Ask Slashdot: Where Are the Open-Source Local-Only AI Solutions? 192

"Why can't we each have our own AI software that runs locally," asks long-time Slashdot reader BrendaEM — and that doesn't steal the work of others.

Imagine a powerful-but-locally-hosted LLM that "doesn't spy... and no one else owns it." We download it, from souce-code if you like, install it, if we want. And it assists: us... No one gate-keeps it. It's not out to get us...

And this is important: because no one owns it, the AI software is ours and leaks no data anywhere — to no one, no company, for no political nor financial purpose. No one profits — but you!

Their longer original submission also asks a series of related questions — like why can't we have software without AI? (Along with "Why is AMD stamping AI on local-processors?" and "Should AI be crowned the ultimate hype?") But this question seems to be at the heart of their concern. "What future will anyone have if anything they really wanted to do — could be mimicked and sold by the ill-gotten work of others...?"

"Could local, open-source, AI software be the only answer to dishearten billionaire companies from taking and selling back to their customers — everything we have done? Could we not...instead — steal their dream?!"

Share your own thoughts and answers in the comments. Where are the open-source, local-only AI solutions?
This discussion has been archived. No new comments can be posted.

Ask Slashdot: Where Are the Open-Source Local-Only AI Solutions?

Comments Filter:
  • by Mr. Dollar Ton ( 5495648 ) on Saturday March 15, 2025 @11:43PM (#65237121)

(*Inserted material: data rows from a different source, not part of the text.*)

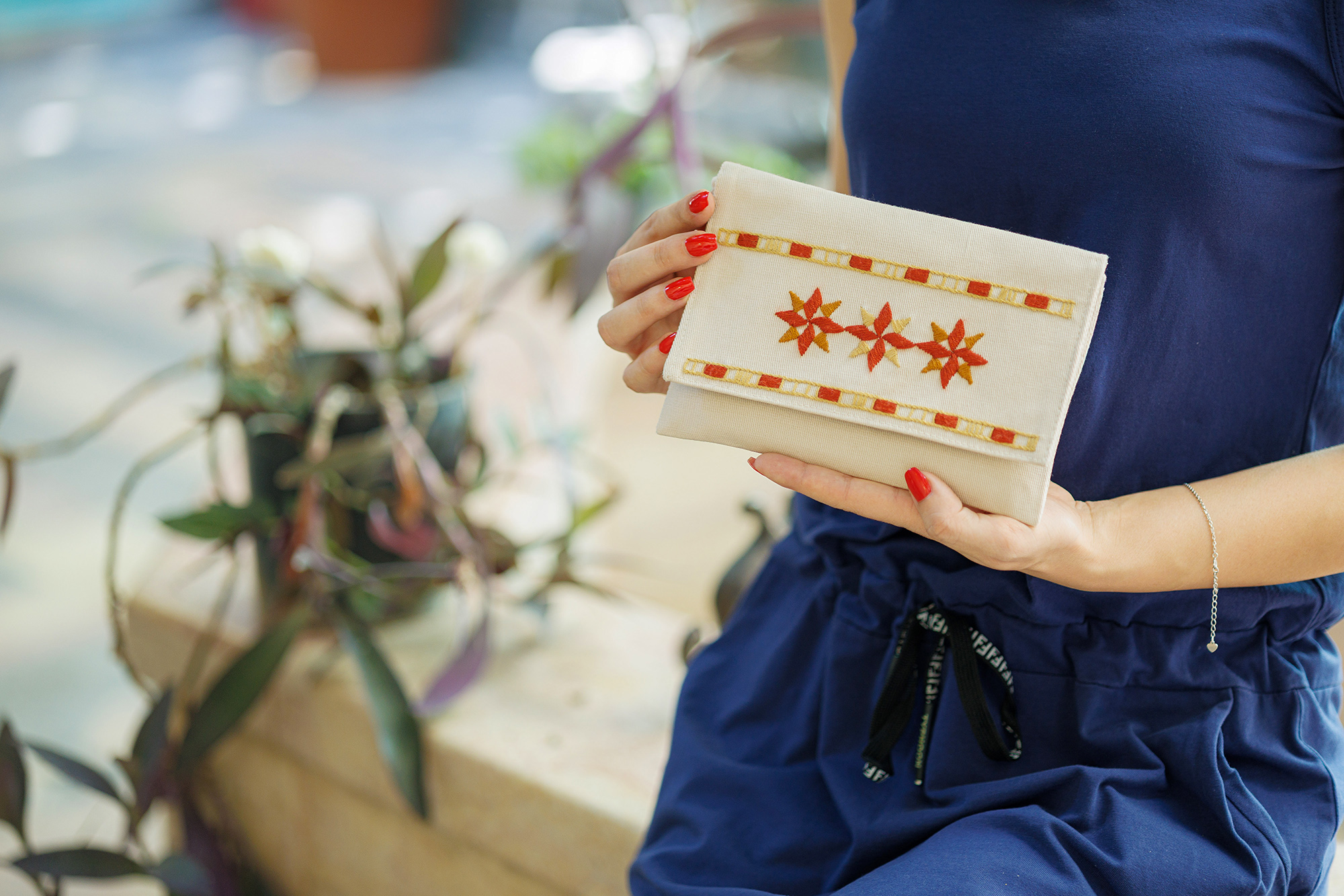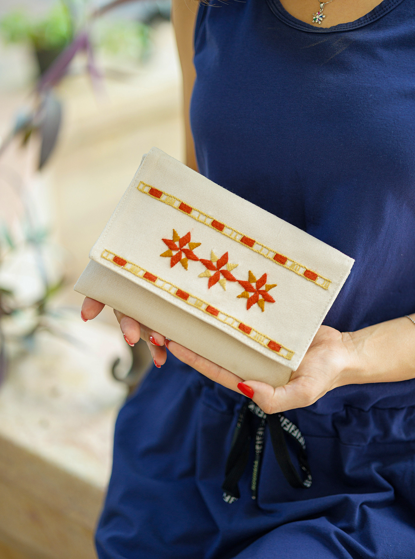 Crafted from high-quality cotton fabric, this pouch boasts a soft, yet remarkably durable finish, making it both practical and aesthetically pleasing. The detailed hand embroidery, featuring delicate stitching in warm, earthy tones, embodies tradition’s grace and resilience. Each stitch tells a story, making this pouch a piece of wearable history that effortlessly introduces a touch of refined sophistication to any outfit.
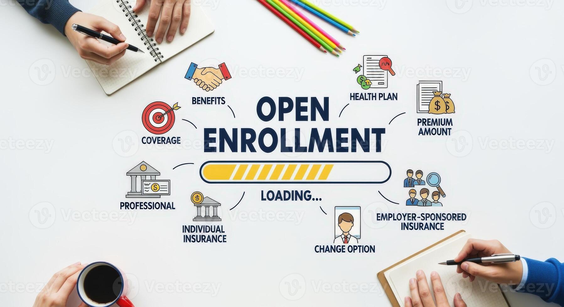 Open Enrollment Concept with Loading Bar, Benefits, Coverage, and Various Insurance Options on White Desk Pro Photo
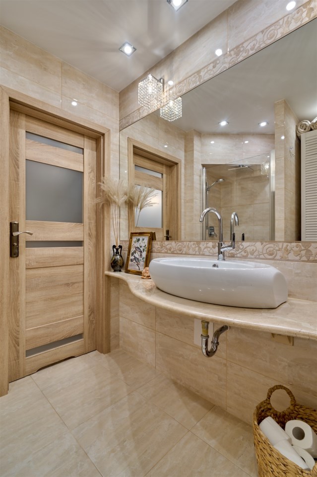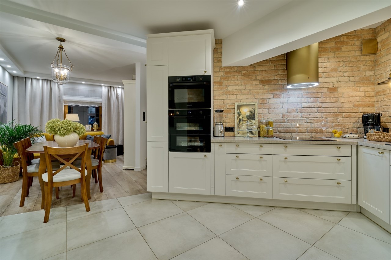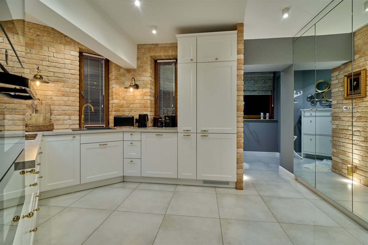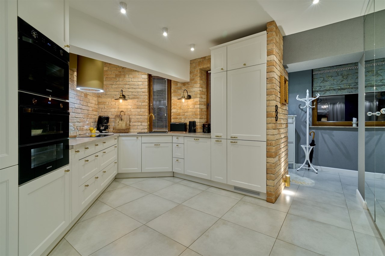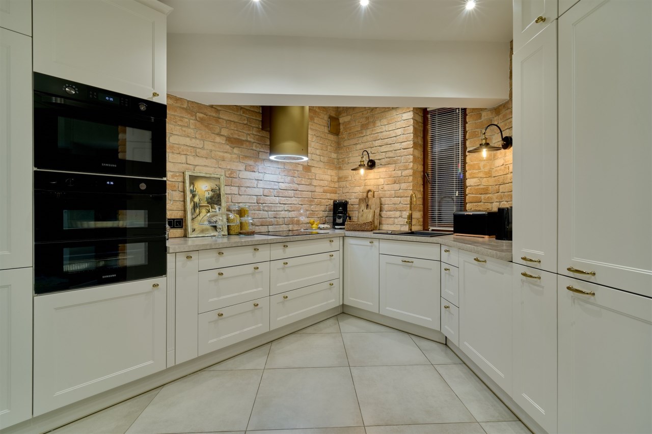 w kuchni dokładnie zaprojektowane meble z dbałością o każdy detal oraz kamienny blat,
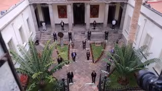Firmantes del 'Pacto de Reconstrucción' de Canarias en el patio del Parlamento - PARLAMENTO DE CANARIAS
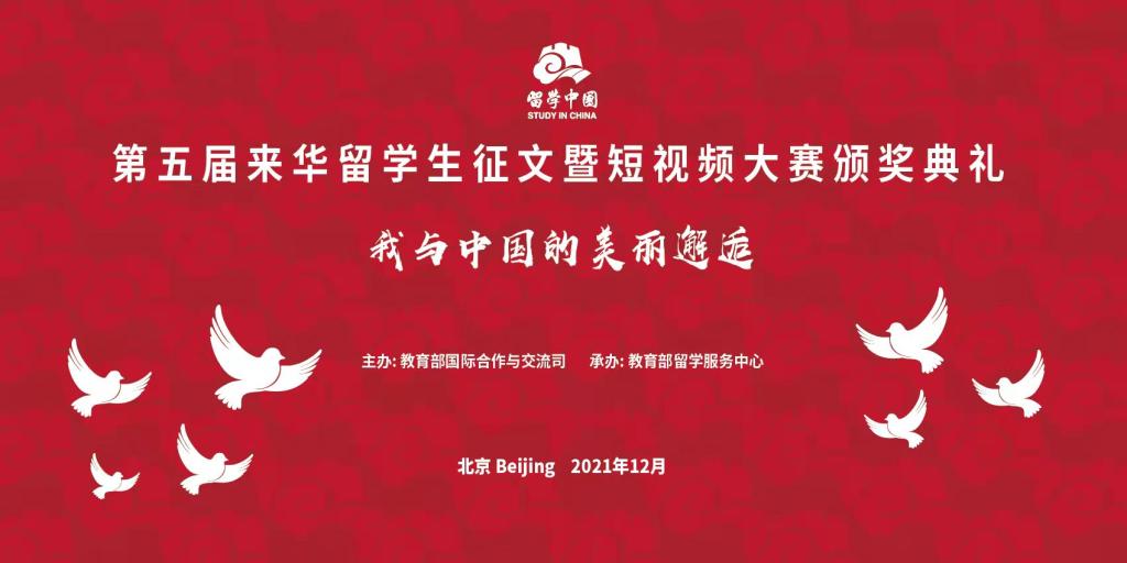 2021年12月21日,第五届“我与中国的美丽邂逅”来华留学生征文暨短视频大赛颁奖典礼以线上形式成功举办。此次活动由教育部国际合作与交流司主办,教育部留学服务中心承办,旨在促进不同国家青年一代的人文交流,展示各国来华留学生风采,发掘留学生朋友们感人至深的中国故事。

    As for "open-source" open-source, what is called "AI" today isn't about "source", it is about having the ability to collect and store other people's data on a large scale, build pyramids out of expensive hardware and pay the power bills to power these to sift through the data and produce tables of statistical coefficients from it. That needs money and not just free work, so, unsurprisingly, there isn't much of it outside of areas that have public financing.

    Incidentally, some of these areas (mostly the sciences) provide more useful "AI" than the LLMs from elona, sam and whatever.

    • by Mr. Dollar Ton ( 5495648 ) on Saturday March 15, 2025 @11:51PM (#65237137)

      And for more practical advice on the subject, there's https://ollama.com/ [ollama.com]

      • by SumDog ( 466607 ) on Sunday March 16, 2025 @03:14AM (#65237361) Homepage Journal
        I'm running Ollama on my one windows (gaming) box since it has a 3080-Ti in it. The Continue plugin works with IntelliJ and open-webui works for general stuff. You can't run the really big models with just a 3080, but it's more than enough for a decent bullshit machine.

        Coding I would only trust AI for simple doc lookups. People who use it to do large scale coding are insane. The code looks god awful. Stop that.

        If you want to shell out ~$3k, you can get one of the nVidia mini boards with a lot of vram. Some AMD APUs can now split general RAM/vRAM on embedded systems (miniPCs) and that could be another avenue for larger big models.
        • If one uses the tools right, one can get useful results. [harper.blog]

        • You're making an assertion based on your ability to run either 1) Really small models, or 2) Large models that have been quantized to stupidity.

          If you want to shell out a little bit more than $3k, you can get yourself a Mac with 128GB of RAM that will run circles around the competitors that cost less than $70k in GPUs.
          Good models are quite good at coding. There are benchmarks available if you're curious.
          Grace Blackwell from NV does look really interesting, but we have yet to see benchmarks from it.
  • https://www.localai.app/ [localai.app]

    A duckduckgo search found many more options.

    • Re: Here's One (Score:4, Informative)

      by Z00L00K ( 682162 ) on Sunday March 16, 2025 @12:12AM (#65237159) Homepage Journal

      Even then it needs a huge amount of data to be trained on.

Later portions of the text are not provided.